The task> Your output should be the complete listing, repeated exactly.

Records for the exercise>
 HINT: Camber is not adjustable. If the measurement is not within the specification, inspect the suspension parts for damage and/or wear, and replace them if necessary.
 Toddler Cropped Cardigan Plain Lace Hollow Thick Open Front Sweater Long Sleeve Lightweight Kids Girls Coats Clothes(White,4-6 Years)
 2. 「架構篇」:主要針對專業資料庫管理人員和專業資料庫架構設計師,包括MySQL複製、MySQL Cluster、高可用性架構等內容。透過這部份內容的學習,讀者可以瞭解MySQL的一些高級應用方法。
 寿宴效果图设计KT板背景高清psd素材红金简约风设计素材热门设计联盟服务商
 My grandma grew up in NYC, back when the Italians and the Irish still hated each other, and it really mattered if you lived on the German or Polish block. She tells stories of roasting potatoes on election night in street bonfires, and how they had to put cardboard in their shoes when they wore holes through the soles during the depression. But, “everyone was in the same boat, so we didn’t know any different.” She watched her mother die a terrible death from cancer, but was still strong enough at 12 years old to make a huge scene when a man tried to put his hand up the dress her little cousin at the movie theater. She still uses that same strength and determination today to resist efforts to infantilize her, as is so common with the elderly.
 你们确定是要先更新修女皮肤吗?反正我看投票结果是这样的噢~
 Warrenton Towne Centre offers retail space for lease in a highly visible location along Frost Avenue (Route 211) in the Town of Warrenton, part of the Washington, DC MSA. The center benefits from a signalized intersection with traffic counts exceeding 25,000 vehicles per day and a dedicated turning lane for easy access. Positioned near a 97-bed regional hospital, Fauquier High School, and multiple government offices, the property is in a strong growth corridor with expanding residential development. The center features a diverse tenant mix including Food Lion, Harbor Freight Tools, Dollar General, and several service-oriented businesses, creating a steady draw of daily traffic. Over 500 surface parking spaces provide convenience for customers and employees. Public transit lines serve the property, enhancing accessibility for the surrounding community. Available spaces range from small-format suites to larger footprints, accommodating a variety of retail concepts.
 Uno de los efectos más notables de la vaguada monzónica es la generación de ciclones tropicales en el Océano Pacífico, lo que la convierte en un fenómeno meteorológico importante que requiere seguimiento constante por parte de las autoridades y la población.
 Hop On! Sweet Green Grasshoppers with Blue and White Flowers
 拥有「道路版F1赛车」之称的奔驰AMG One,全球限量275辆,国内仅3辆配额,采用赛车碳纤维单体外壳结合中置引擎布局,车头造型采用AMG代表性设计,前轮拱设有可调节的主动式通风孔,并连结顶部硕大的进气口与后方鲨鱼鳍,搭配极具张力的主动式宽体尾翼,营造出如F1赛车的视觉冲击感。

Result>
 HINT: Camber is not adjustable. If the measurement is not within the specification, inspect the suspension parts for damage and/or wear, and replace them if necessary.
 Toddler Cropped Cardigan Plain Lace Hollow Thick Open Front Sweater Long Sleeve Lightweight Kids Girls Coats Clothes(White,4-6 Years)
 2. 「架構篇」:主要針對專業資料庫管理人員和專業資料庫架構設計師,包括MySQL複製、MySQL Cluster、高可用性架構等內容。透過這部份內容的學習,讀者可以瞭解MySQL的一些高級應用方法。
 寿宴效果图设计KT板背景高清psd素材红金简约风设计素材热门设计联盟服务商
 My grandma grew up in NYC, back when the Italians and the Irish still hated each other, and it really mattered if you lived on the German or Polish block. She tells stories of roasting potatoes on election night in street bonfires, and how they had to put cardboard in their shoes when they wore holes through the soles during the depression. But, “everyone was in the same boat, so we didn’t know any different.” She watched her mother die a terrible death from cancer, but was still strong enough at 12 years old to make a huge scene when a man tried to put his hand up the dress her little cousin at the movie theater. She still uses that same strength and determination today to resist efforts to infantilize her, as is so common with the elderly.
 你们确定是要先更新修女皮肤吗?反正我看投票结果是这样的噢~
 Warrenton Towne Centre offers retail space for lease in a highly visible location along Frost Avenue (Route 211) in the Town of Warrenton, part of the Washington, DC MSA. The center benefits from a signalized intersection with traffic counts exceeding 25,000 vehicles per day and a dedicated turning lane for easy access. Positioned near a 97-bed regional hospital, Fauquier High School, and multiple government offices, the property is in a strong growth corridor with expanding residential development. The center features a diverse tenant mix including Food Lion, Harbor Freight Tools, Dollar General, and several service-oriented businesses, creating a steady draw of daily traffic. Over 500 surface parking spaces provide convenience for customers and employees. Public transit lines serve the property, enhancing accessibility for the surrounding community. Available spaces range from small-format suites to larger footprints, accommodating a variety of retail concepts.
 Uno de los efectos más notables de la vaguada monzónica es la generación de ciclones tropicales en el Océano Pacífico, lo que la convierte en un fenómeno meteorológico importante que requiere seguimiento constante por parte de las autoridades y la población.
 Hop On! Sweet Green Grasshoppers with Blue and White Flowers
 拥有「道路版F1赛车」之称的奔驰AMG One,全球限量275辆,国内仅3辆配额,采用赛车碳纤维单体外壳结合中置引擎布局,车头造型采用AMG代表性设计,前轮拱设有可调节的主动式通风孔,并连结顶部硕大的进气口与后方鲨鱼鳍,搭配极具张力的主动式宽体尾翼,营造出如F1赛车的视觉冲击感。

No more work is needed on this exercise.